Pharmacists at risk of missing out on front-line NHS role

Leadership divisions and fragmented funding arrangements mean that pharmacists could miss out on new plans giving them the chance to treat patients more directly unless the profession can make a coherent case for change, the Nuffield Trust says.

Press release

Published: 10/12/2014

Leadership divisions and fragmented funding arrangements mean that pharmacists could miss out on new plans giving them the chance to treat patients more directly unless the profession can make a coherent case for change, the Nuffield Trust says.

The Nuffield Trust’s report, commissioned by the Royal Pharmaceutical Society (RPS), comes soon after NHS England’s Five Year Forward View opened the door for pharmacists to take on the provision of many more front-line NHS services. The NHS England proposals echo recommendations from last year’s independent RPS commission on pharmacy, which called for pharmacists to shift their focus from dispensing and supplying medicine towards care-giving.

The Nuffield Trust’s research was conducted to examine progress one year since the independent commission’s report. Drawing on interviews with local and national health care leaders and an online questionnaire, it finds that the RPS has taken these recommendations seriously, and that NHS leaders are increasingly considering pharmacists for roles once filled by doctors and nurses, such as giving vaccinations.

But progress towards the idea of pharmacists as care-givers has been less marked:

  • While pharmacists in some areas are already providing patient services like anti-coagulation treatment and flu vaccinations, working in GP surgeries to support people who take many drugs to help manage their long-term health problems, and doing rounds in care homes to ensure safe and appropriate use of medicines, progress is patchy and lacking in scale.
  • At a national level, divisions between different national pharmacy representative groups are preventing the profession making a coherent case to the wider health service.
  • There has been a disappointing lack of progress in shifting the funding arrangements governing pharmacy away from the dispensing and supply of medicines and towards direct patient care.

Dr Judith Smith, lead author and Director of Policy at the Nuffield Trust, said:

“The last year has seen some real progress in the way that NHS leaders see pharmacists, as the Five Year Forward View demonstrates.
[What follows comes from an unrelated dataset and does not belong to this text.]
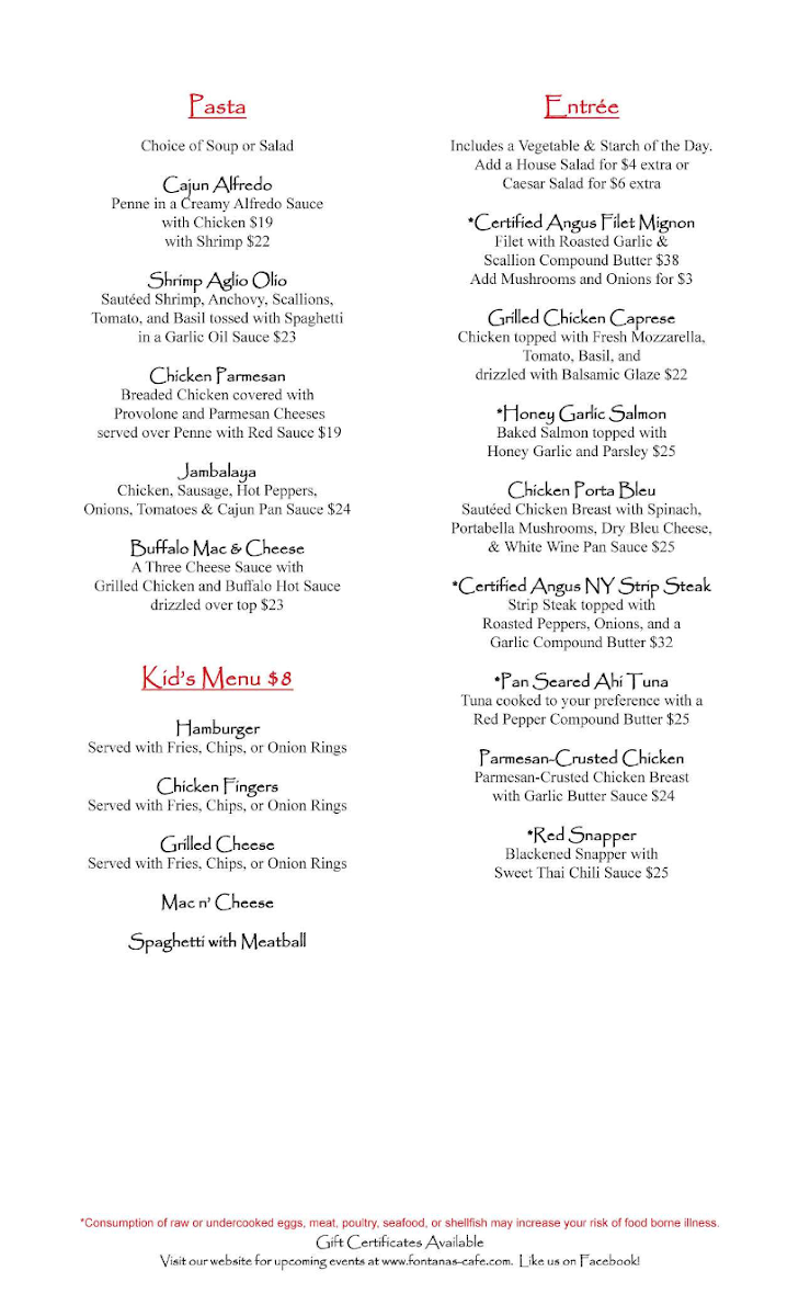 Customer reviews highlight the flavorful dishes and attentive service, making Fontana's Cafe a local favorite. Whether it’s a casual dinner or a celebration, each visit guarantees a memorable dining experience.
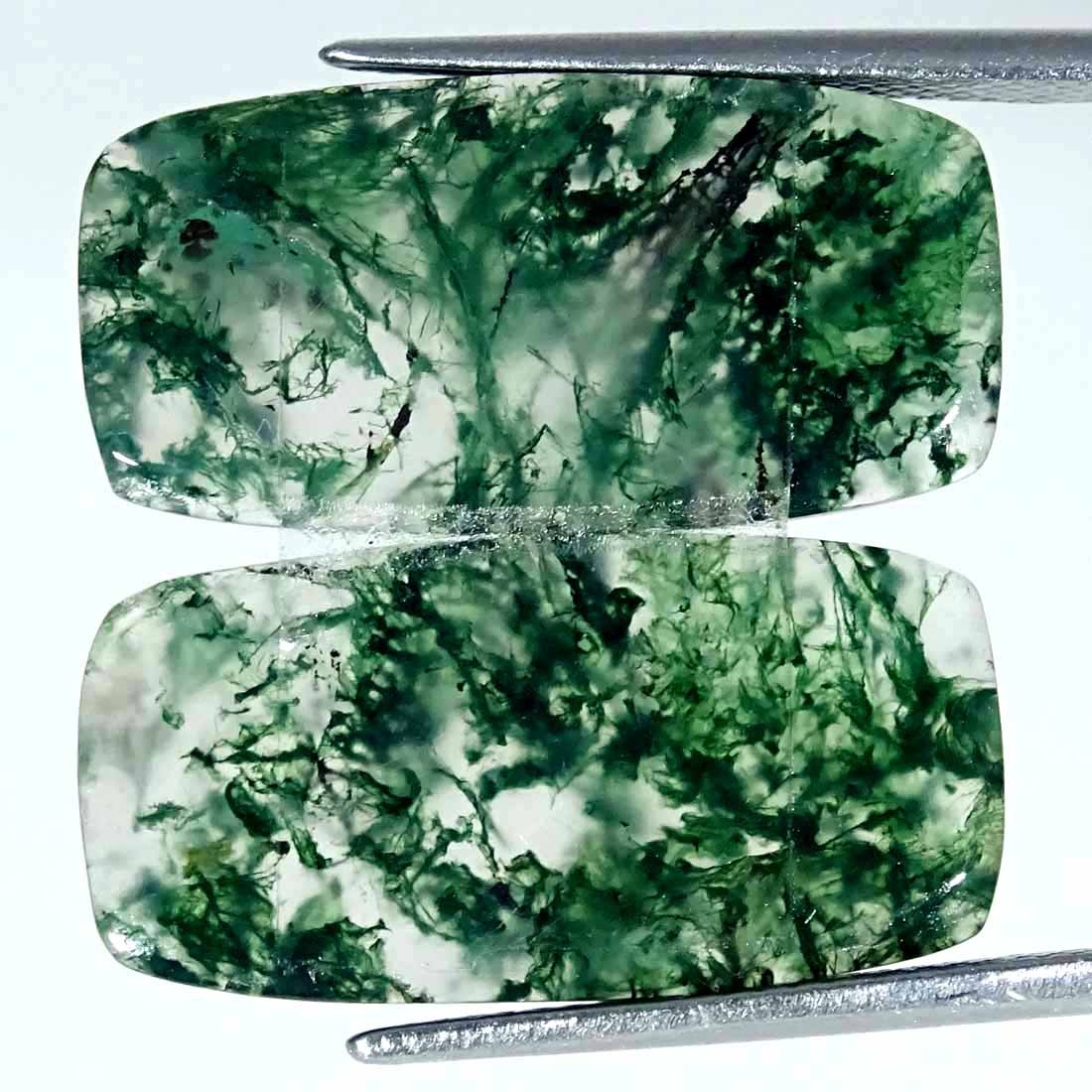 как выглядит 18.10Cts Natural Green Moss Agate Pair Cushion Loose Gemstone фото

There’s an increasing understanding that pharmacy has a lot to offer an NHS on an urgent hunt for savings, patients looking for easy treatment on the high street for common illnesses, and people needing support to help them manage long-term conditions.

“But we are still not on course for pharmacists to become a care-giving profession in the way they can and should. In most areas, there just hasn’t been a change patients would notice. The leaders of the profession are still not speaking with one voice. And even when they hear what pharmacists have to say, NHS leaders are still not putting words into action through changes to contracts or alternative forms of funding.”

Dr David Branford, Chair of the Royal Pharmaceutical Society said:

“There have been some excellent examples of innovative practice amongst pharmacists since the independent commission reported last year, which should be celebrated. But this momentum needs to snowball fast. It’s not acceptable for patients to be denied the proven improvements to their care that pharmacists can offer, or for the NHS to miss out on the efficiency savings they can bring.

“Making use of pharmacists’ clinical skills in every hospital, every care home and in all community, primary and social care settings would undoubtedly relieve pressure on the rest of the NHS. But this cannot wait for another year: we are calling on commissioners, employers and the wider NHS to work with us to integrate pharmacy fully into the models outlined in the Five Year Forward View.”

As well as calling for pharmacists to rise to the challenge locally, and for leaders to speak with one voice, the report calls on the Department for Health and NHS England to: shift the national community pharmacy contract more towards patient care; ensure that pharmacy can be part of new contracts designed for the models of care set out in the Five Year Forward View; and take other steps to give pharmacists confidence that they mean business about a wider and more patient-focused role.

Notes to editors

  • Now More than Ever was carried out by the Nuffield Trust, commissioned and funded by the Royal Pharmaceutical Society. The report draws on interviews with local and national health care leaders, an on-line survey questionnaire of pharmacy stakeholders, and analysis of policy and media sources. It is available on the Nuffield Trust website.
  • The report reviews progress in pharmacists moving into care-giving roles, a year after the Royal Pharmaceutical Society Commission on New Models of Care Delivered through Pharmacy found that this was crucial to pharmacy’s future, and of great potential benefit to patients. Dr Judith Smith, Director of Policy at the Nuffield Trust, led both projects.
  • Now or Never, the final report of the original Commission, can be seen here on the Royal Pharmaceutical Society website.